To do: Your copy of the data below must be exact and must leave out all pictures.

[Available data — start]

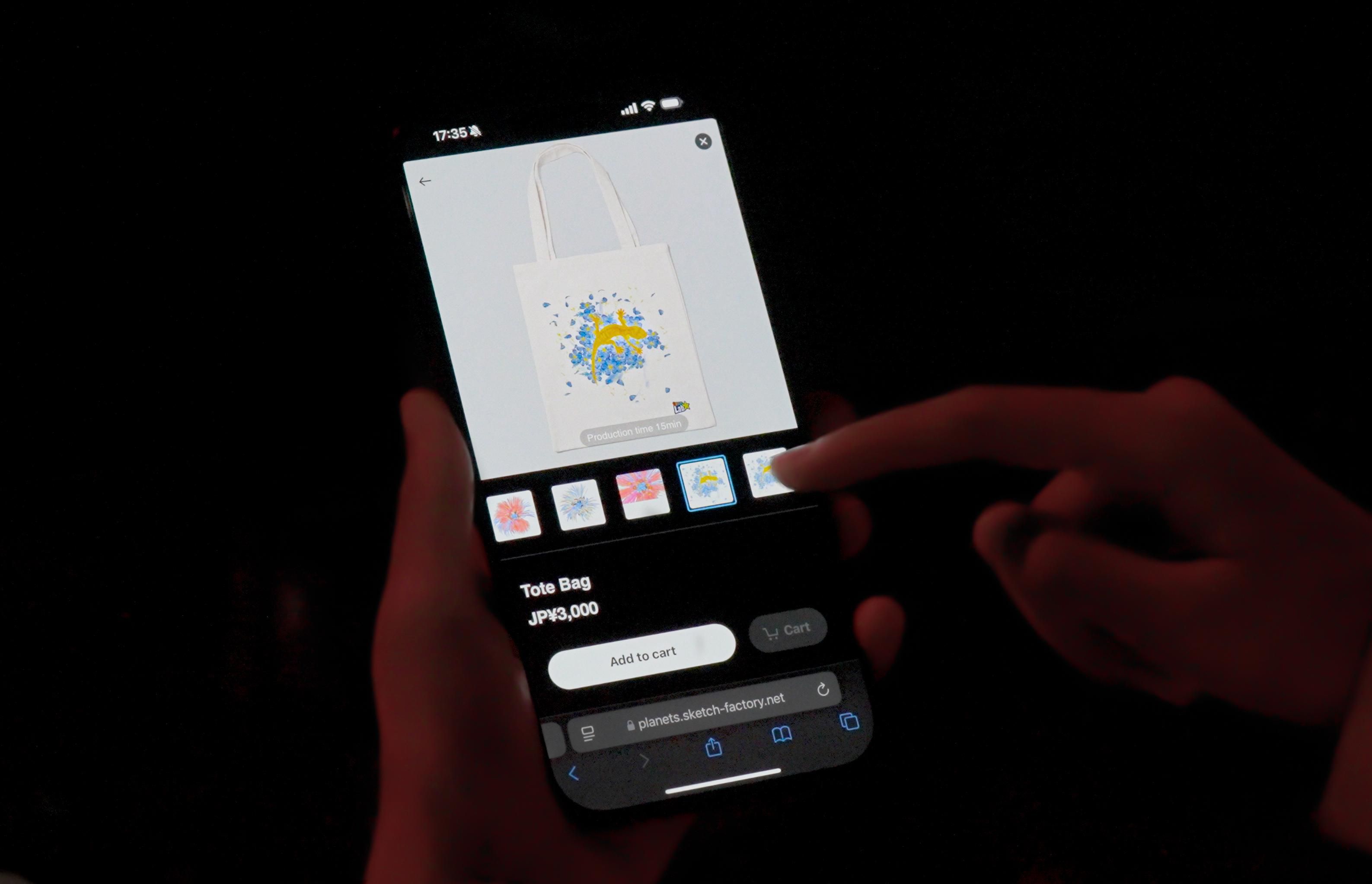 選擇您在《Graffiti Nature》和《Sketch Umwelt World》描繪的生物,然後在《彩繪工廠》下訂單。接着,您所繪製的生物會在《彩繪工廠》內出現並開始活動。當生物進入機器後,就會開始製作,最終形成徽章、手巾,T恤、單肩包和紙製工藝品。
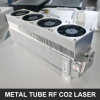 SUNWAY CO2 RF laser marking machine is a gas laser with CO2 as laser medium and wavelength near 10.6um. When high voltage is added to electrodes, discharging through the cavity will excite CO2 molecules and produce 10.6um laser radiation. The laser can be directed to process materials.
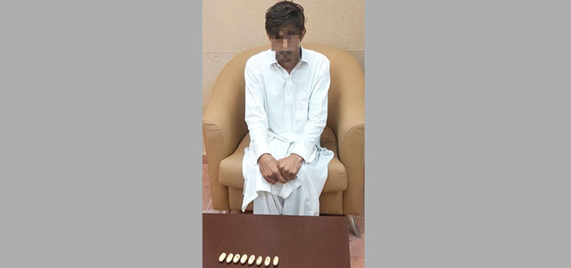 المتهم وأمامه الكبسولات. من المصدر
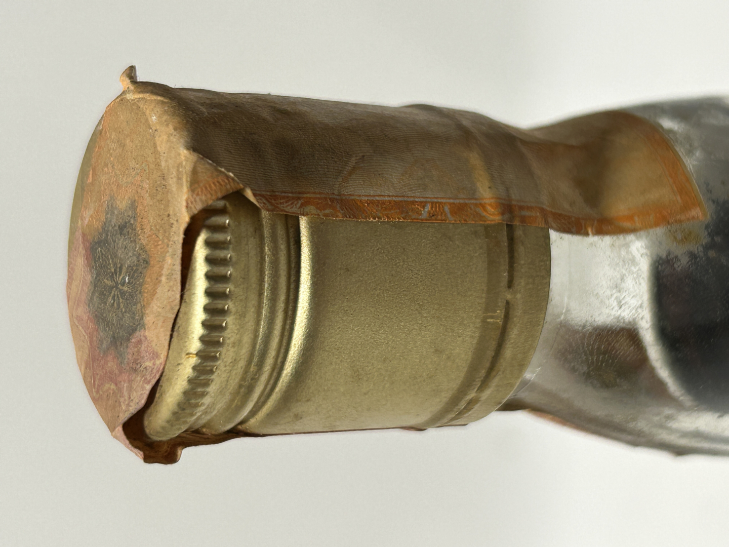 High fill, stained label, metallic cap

[Available data — finish]

Task result:
 選擇您在《Graffiti Nature》和《Sketch Umwelt World》描繪的生物,然後在《彩繪工廠》下訂單。接着,您所繪製的生物會在《彩繪工廠》內出現並開始活動。當生物進入機器後,就會開始製作,最終形成徽章、手巾,T恤、單肩包和紙製工藝品。
 SUNWAY CO2 RF laser marking machine is a gas laser with CO2 as laser medium and wavelength near 10.6um. When high voltage is added to electrodes, discharging through the cavity will excite CO2 molecules and produce 10.6um laser radiation. The laser can be directed to process materials.
 المتهم وأمامه الكبسولات. من المصدر
 High fill, stained label, metallic cap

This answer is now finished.